Die Enttäuschung wird nicht gerade kleiner wenn ich auf das Programm der NipponConnection schiele, die in zwei Wochen startet und eine ganze Latte von Hochkarätern zu bieten hat, die ich alle verpassen werde weil ich dieses Jahr leider nicht nach Frankfurt fahre. Mein Bauchgefühl vom letzten Jahr, dass sich das JFFH beim Versuch, zahlenmäßig mit der NipponConnection und ihren weit über 100 Filmen mitzuhalten, überhebt und Quantität mehr und mehr die Qualität verdrängt, hat sich leider verstärkt. Und das ist kein gutes Gefühl, denn ich hänge nach wie vor sehr am JFFH, habe tolle Erinnerungen sowohl an grandiose filmische Momente als auch an den ganzen Spaß im Team. Enttäuscht nach Hause zu gehen nach einem Festivaltag tut mir weh und ich hoffe und drücke die Daumen, dass es im nächsten Jahr wieder richtig geniale Filme gibt!

Tokyo Family

Original: Tokyo kazoku (2013) von Yoji Yamada

Tomi (Kazuko Yoshiyuki) und Shukichi (Isao Hashizume), ein älteres Ehepaar, reisen aus der Provinz nach Tokyo, um ihre Kinder und Enkelkinder zu besuchen. Nach der anfänglichen Freude und Begeisterung anlässlich des Wiedersehens müssen die beiden bald erfahren, dass ihre Kinder angesichts der Arbeit und ihrer eigenen Familien kaum Zeit und Geduld haben, sich mit den beiden Alten abzugeben.

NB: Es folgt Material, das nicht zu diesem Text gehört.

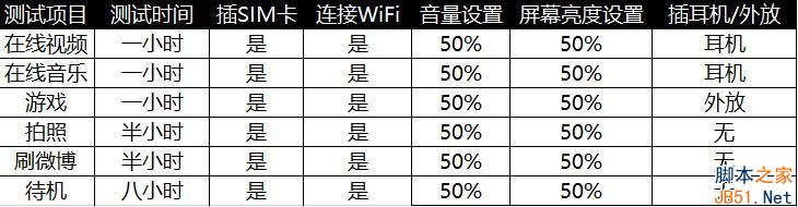 续航方面我们选择了四小时的连续续航测试以及八小时的待机测试。第一部分主要包括一小时的在线视频,一小时的在线音乐,一小时游戏,半小时拍照以及半小时刷微博。下面我们通过一张表格展示一下各项测试中的手机设置情况。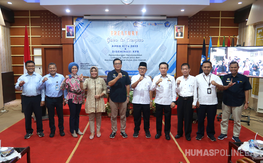 Polinela, Kamis (09/03/2023). Kanwil Direktorat Jenderal Perbendaharaan (DJPb) Provinsi Lampung menyelenggarakan kegiatan “Treasury Goes To Campus” dan Desiminasi Kajian Fiskal Regional Lampung, di Politeknik Negeri Lampung (Polinela) pada Rabu, tanggal 8 Maret 2023. Kegiatan tersebut bertujuan untuk mempresentasikan tugas pokok fungsi Direktorat Jenderal Kebendaharaan agar dipahami oleh masyarakat luas khususnya mahasiswa Politeknik Negeri Lampung.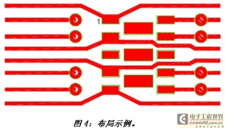 圖4顯示了RClamp2574N的流通型PCB走線。信號(hào)線連接到第1、2、4、5、6、7、9和10腳。第3腳與8腳連接到三個(gè)中心接地。在一個(gè)典型以太網(wǎng)應(yīng)用中,這些引腳以及接地都應(yīng)懸空(即不接地)。在本例中,走線寬度為0.005英寸。過(guò)孔用于第6、7、9和10腳的換層連接,這樣所有八根信號(hào)線都可采用易于實(shí)現(xiàn)的流通型(flow though)布局。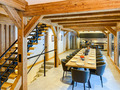 1. Etage: Sehr großzügiger Wohnraum mit schöner Panoramafensterfront, Billard-Tisch, Kicker, gemütlicher Sitzecke am Kaminofen, Smart-TV, großem Esstisch, moderner Einbauküche (Backofen, Mikrowelle, Spülmaschine), Balkon. Zwei Doppelzimmer mit Bad (Du, Wb, WC). Separates WC.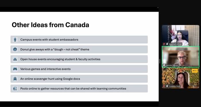 - Дженні Мірон (Канада) поділилася досвідом організації заходів у Торонто. Серед них – AI prompt battle, студентські інтерактивні столи з інформаційними матеріалами, креативні акції на кшталт «Donut Cheat Day», що у невимушеній атмосфері нагадують молоді про цінність доброчесності.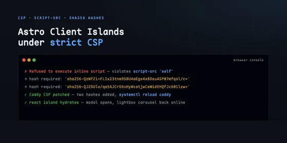 Wie ich meine Seite mit einer strikten Content Security Policy, sauberen Response-Headern und einer DSGVO-konformen Konfiguration gehärtet habe — und den Astro-Inline-Script-Stolperstein dabei gelöst.
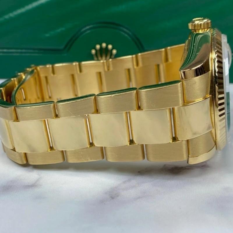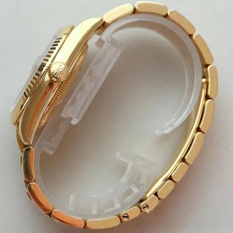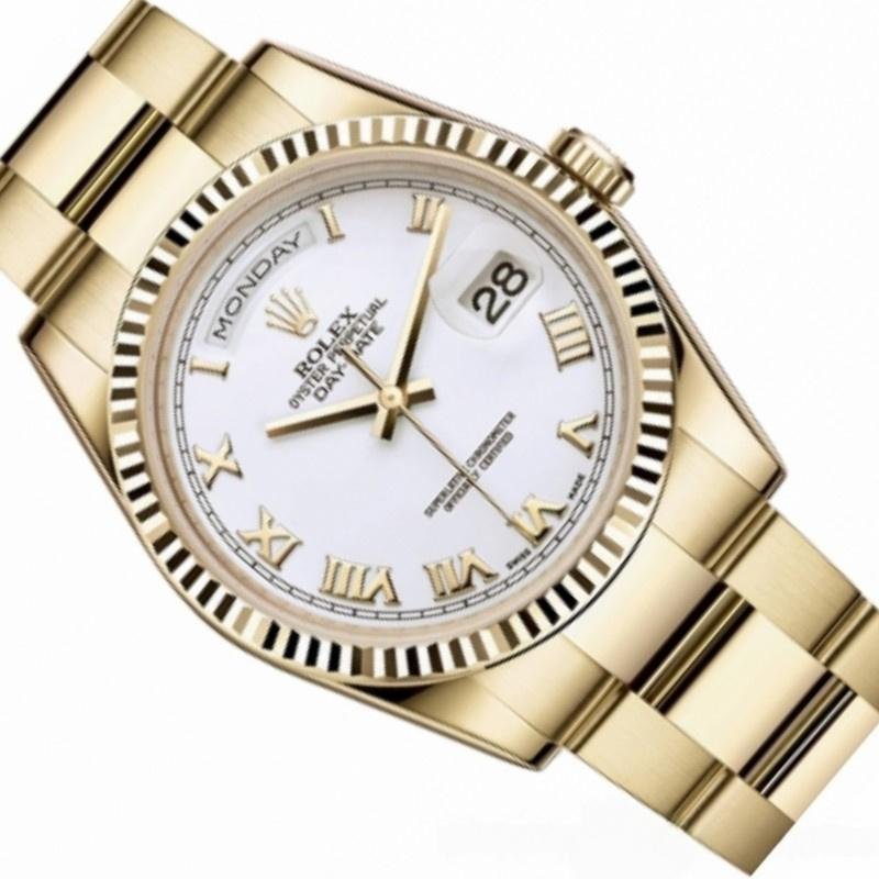 The Rolex Day-Date 118238, 36mm unisex replica with white dial and Roman numerals, it features a 36mm round yellow gold case, screw-down crown and fluted yellow gold bezel. With a white dial with Roman numerals that houses an external Cyclops date window at 3 and a day window between 11 and 1, shoulders and sides of the case with a polished finish. Solid caseback. The reliable yellow gold Oyster bracelet will look great on your wrist.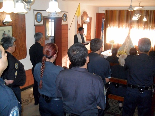 Ayer. la Imagen fue trasladada desde Diario El Esquiú hasta las dependencias de la delegación local de la Policía Federal, hasta donde fue llevada por el Capellán Mayor del Santuario y Catedral Basílica, Pbro. José Aguirre, y recibida con mucha devoción por los jefes y personal de la unidad policial. Allí permanecerá hasta hoy a la mañana, en que retornará a la Catedral Basílica.

Nur ihr jüngster Sohn Shoji (Satoshi Tsumabuki) kann sich als Freiberufler etwas Zeit freischaufeln und sie zumindest auf einer Bustour durch die Stadt begleiten.

So organisieren die Kinder für ihre Eltern ein Hotel, wo die beiden es aber nicht lange aushalten. Zurück in Tokyo müssen sie jedoch feststellen, dass sie keine Unterkunft haben, weshalb Shukichi einen Bekannten besuchen und Tomi bei Shoji unterkommen möchte. Dort lernt sie überraschend dessen Freundin Noriko (Yu Aoi) kennen und schließt sie sofort in ihr Herz. Doch bevor sie Shukichi davon erzählen kann, erleidet Tomi einen Schlaganfall und fällt ins Koma. Die Überraschung in der Familie ist groß, als Shoji mit Noriko im Krankenhaus auftaucht, um von der Mutter Abschied zu nehmen.

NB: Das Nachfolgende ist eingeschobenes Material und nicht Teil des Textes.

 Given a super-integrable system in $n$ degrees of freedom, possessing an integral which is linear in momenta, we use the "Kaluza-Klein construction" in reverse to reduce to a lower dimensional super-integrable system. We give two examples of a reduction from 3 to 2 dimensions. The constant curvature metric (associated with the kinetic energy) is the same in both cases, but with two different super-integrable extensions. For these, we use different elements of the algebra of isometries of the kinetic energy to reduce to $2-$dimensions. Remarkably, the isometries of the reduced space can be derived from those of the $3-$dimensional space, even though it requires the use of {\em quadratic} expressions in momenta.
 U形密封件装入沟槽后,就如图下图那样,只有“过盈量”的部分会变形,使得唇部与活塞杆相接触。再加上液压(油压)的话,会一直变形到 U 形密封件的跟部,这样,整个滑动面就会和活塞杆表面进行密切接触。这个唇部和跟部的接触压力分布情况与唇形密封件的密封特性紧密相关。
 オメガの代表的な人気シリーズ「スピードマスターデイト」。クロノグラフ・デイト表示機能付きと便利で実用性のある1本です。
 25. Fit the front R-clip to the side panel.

Sechzig Jahre nach Yasujiro Ozus Meisterwerk Tokyo Story machte sich Yoji Yamada an ein Remake, und das mit der dem Original gebührenden Ehrfurcht. Die Story ist nahezu unverändert geblieben, ganze Szenen bis in kleinste Details hinein wurden übernommen: Vom schüchternen Enkelsohn, der bei der Ankunft der Großeltern davonläuft über den Schwiegersohn, der für Tomi und Shukichi Süßigkeiten mit nach Hause bringt und sie fast im Alleingang aufisst bis hin zu Tomis Uhr, die Shukichi Noriko am Ende schenkt – wer das Original kennt und schätzt wird auf Schritt und Tritt altbekanntem begegnen.

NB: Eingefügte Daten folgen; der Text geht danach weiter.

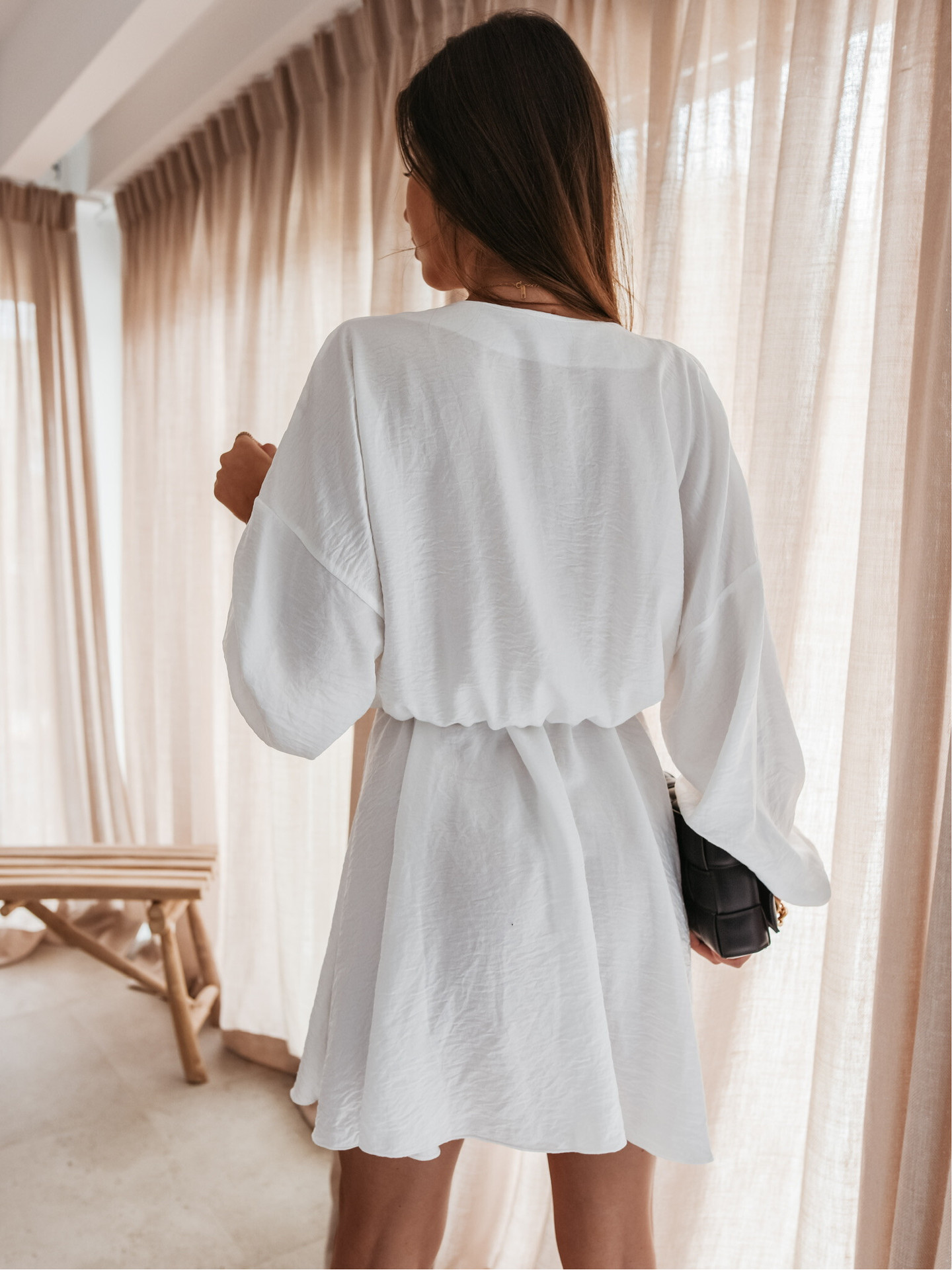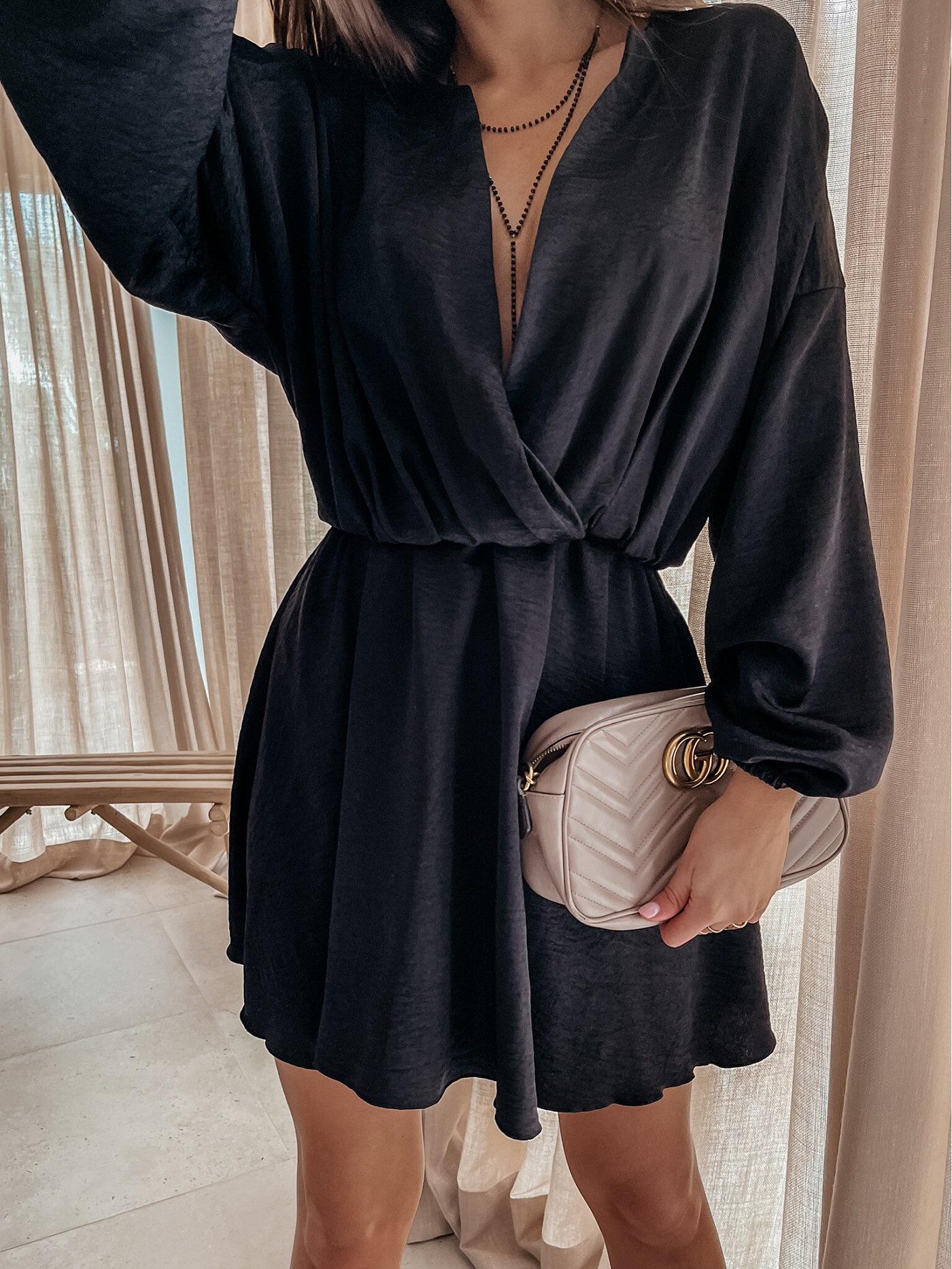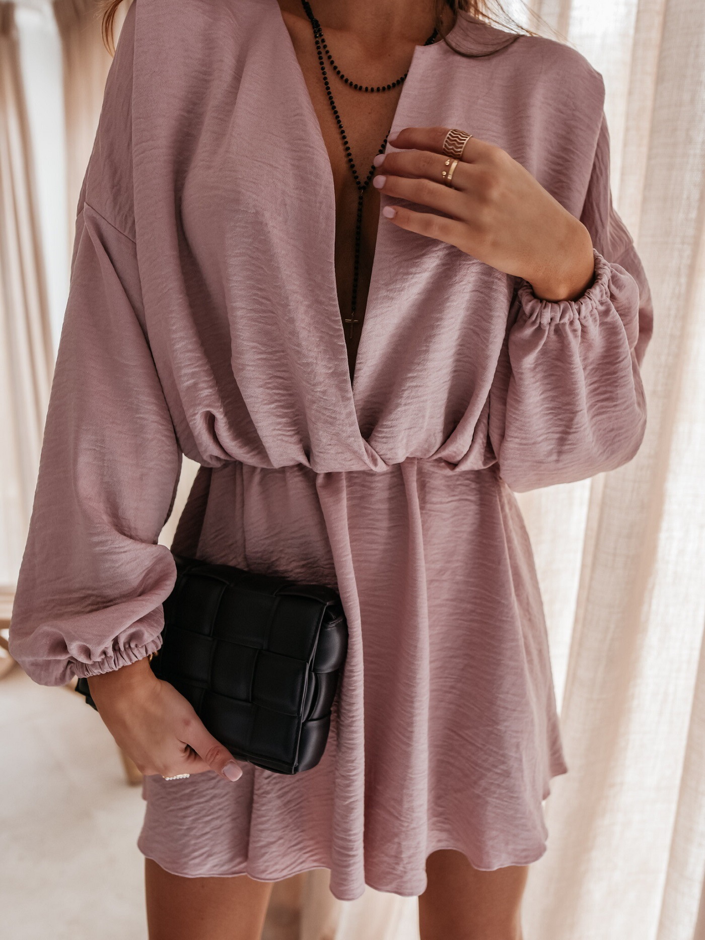 V-Neck High Waist Sexy Fashion Solid Color Long-Sleeved Dress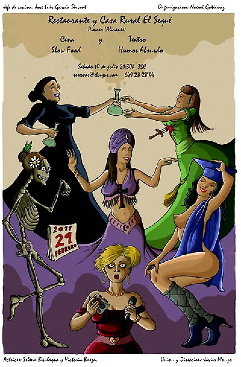 La Casa Rural y Restaurante El Sequé (Pinós, Valencia) organiza para el sábado 18 de febrero de 2012 una cena especial para enamorados y desenamorados en la que se ofrecerá una cena Slow Food y una función de teatro de Humor Absurdo con Selena Bevilacqva y Victoria Baeza, bajo la dirección de Javier Monzó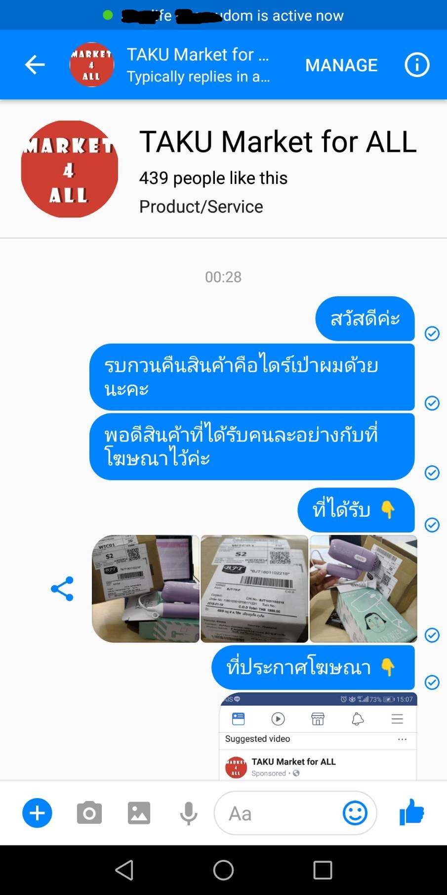เตือนภัยเพจ TAKU Market for ALL ลวงโลก

Die wichtigsten Änderungen wurden an der Charakterkonstellation vorgenommen. Aus ursprünglich fünf Kindern wurden drei, wobei der mittlere Sohn Shoji – im Original im Krieg gefallen – nun am Leben ist und neben den beiden Großeltern in eine zentrale Rolle rückt. Nicht nur ist es hauptsächlich er, der Zeit mit den beiden verbringt, in seiner Figur kristallisiert sich zugleich die Modernisierung von Ozus Klassiker. Während seine älteren Geschwister Koichi und Shige wie im Original als Arzt respektive Besitzerin eines Schönheitssalons einen klassischen Beruf haben, verkörpert er nämlich eine junge Generation Japaner, die sich oft mehr schlecht als recht mit Gelegenheitsjobs durchs Leben schlägt.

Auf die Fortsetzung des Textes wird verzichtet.